Lab 4
I used the State of the Union Addresses from 1901-1950 from the State of the Union Address corpus that goes from 1790-2014.
- The bigram for the words “the future” appears 279 times. 187 times on the left of the word future and 92 times on right of the word future. The statically number is 3.77 which is not standardly high.
- Three words that were statically important collocates are “a future” with frequency right at 23, frequency left at 21 and statics at 3.53. Next is “our future” with frequency right at 10, frequency left at 19 and statics at 3.92. Last, is “we future” with frequency right at 23, frequency left at 12, and statics at 4.36.
- The bigrams that were the most frequent on the left are “future of” at 20, “future generations” at 7, and “future years” at 7. On the right are “the future” at 123, “near future” at 12, and “of future” at 12.
- In the Ngram the frequencies of “future generation” was 7 again and the frequency of “the future” was 123 again.
- Every hit that came from the concordance had one hit in about 6 of the documents.
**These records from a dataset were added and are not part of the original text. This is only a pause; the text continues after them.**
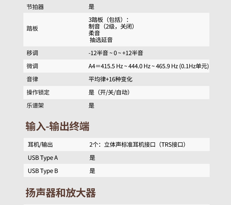 输入/输出终端: ・耳机/输出:2个:立体声标准耳机接口(TRS 接口)・USB 端口:是(类型 A、类型 B)
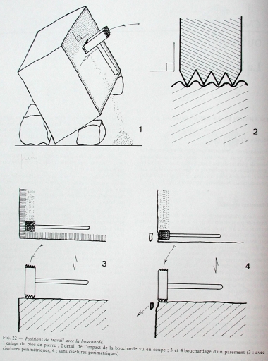 Position de travail avec la boucharde : calage du bloc de pierre, détail de l'impact, bouchardage d'un parement avec et sans ciselures (Bessac)Immatriculation
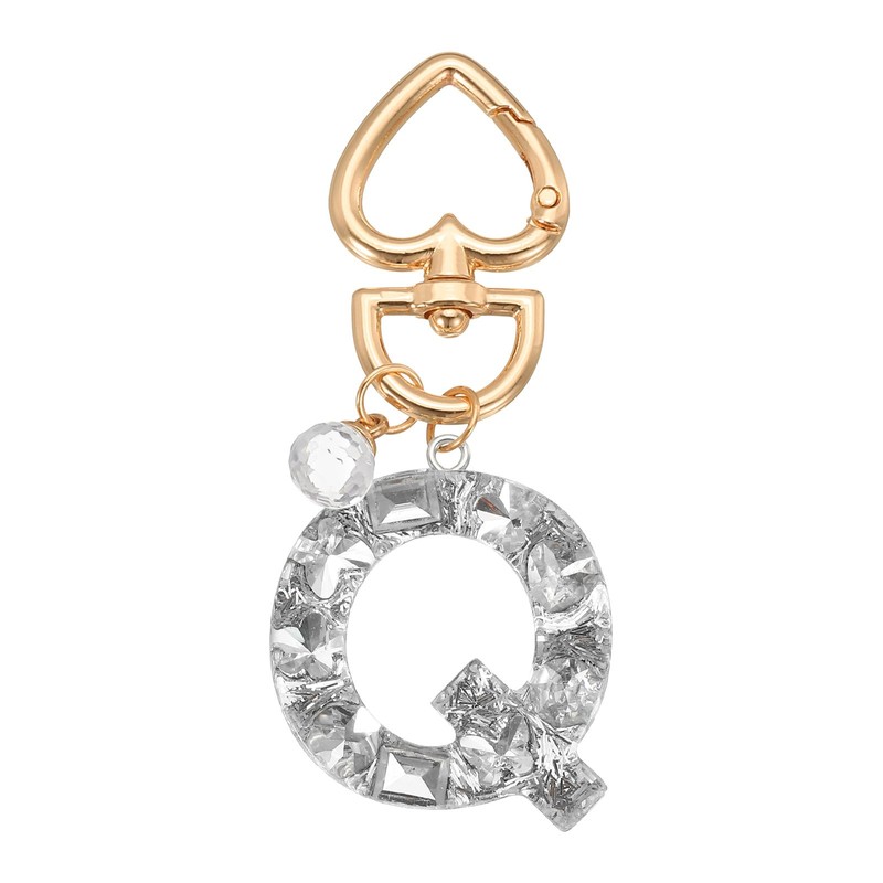 PATIKIL Alphabet Initial Letter Keychain, Cute Heart Crystal Keychains Car Keyring Letter Q Pendant Charm Key Chain for Key Wallet Purse Handbag Backpack, Silver

The top three that it showed were 1901-Roosevelt.txt, 1904-Roosevelt.txt, and 1907-Roosevelt.txt. Liked the way that the concordance plot made the file available because I would see what the context of the word future generation was being put in. Roosevelt was talking about institutions and formation and how this will affect us not only in the present but in future generations.
- Three expected words were government, legislation, and war. Two unexpected words were agriculture and islands which surprisingly had a keyness of 264.
This lab was by far the most difficult we have done so far. I do not know if it was my old school computer (that is brand new by the way) or the way that the system was working. The Antconc would just freeze out of the blue and then I would have to restart and do the whole process over again. Other than these glitches the lab went relatively smoothly. I enjoyed looking at the frequencies of the words that came up when looking at “future” and the keywords that came with the brown common usage lists. The differences between the two are that the State of the Union corpus focused more on words like government and War. Which is to be expected because these speeches re made by the president about the United States of America and the goals that they have for the year. This was not the case in the Brown corpus.
Antconc has revealed many things to me that make me more interested in the corpus and the way that the system works. There are instances where the word island is mentioned numerous times in the State of the Union Corpus. Also, this is the case with the word Canal and Panama and that go hand in hand. There are multiple other words like these that have a high frequency and a high statistical value that I did not expect in the State of the Union Corpus. I am intrigued and interested now in understanding what political issues were going on in 1901-1950 because I know that World War I and World War II happened in this time, but these were not mention in the high frequencies. Why was canal and island mentioned more frequently than the major wars that went on in this time? This is just one of the questions that I am interested in now because of Antconc and the State of the Union Corpus.
The challenges that I can see Antconc and other systems like Antconc that process corpuses are that they are presenting the idea that this program only is a computer and puts information together based on frequencies and not because the words go together. This means that the computer puts the data of the words that go before and after the word future into terms of frequency and statics, but it up to researches to make sense of the words that they put future with. There is a word in that saw in by bigram that is a good example of this. There is the example of “of future” this was statically relevant word cluster that was in the State of the Union Addresses, but in real life this is hard to understand in English because it hard to make a sentence in which it fits. This is the difficulty I see researchers having. They have to comb through the two words that Antconc gives them and find the word clusters that are statically relevant and make sense in the English language.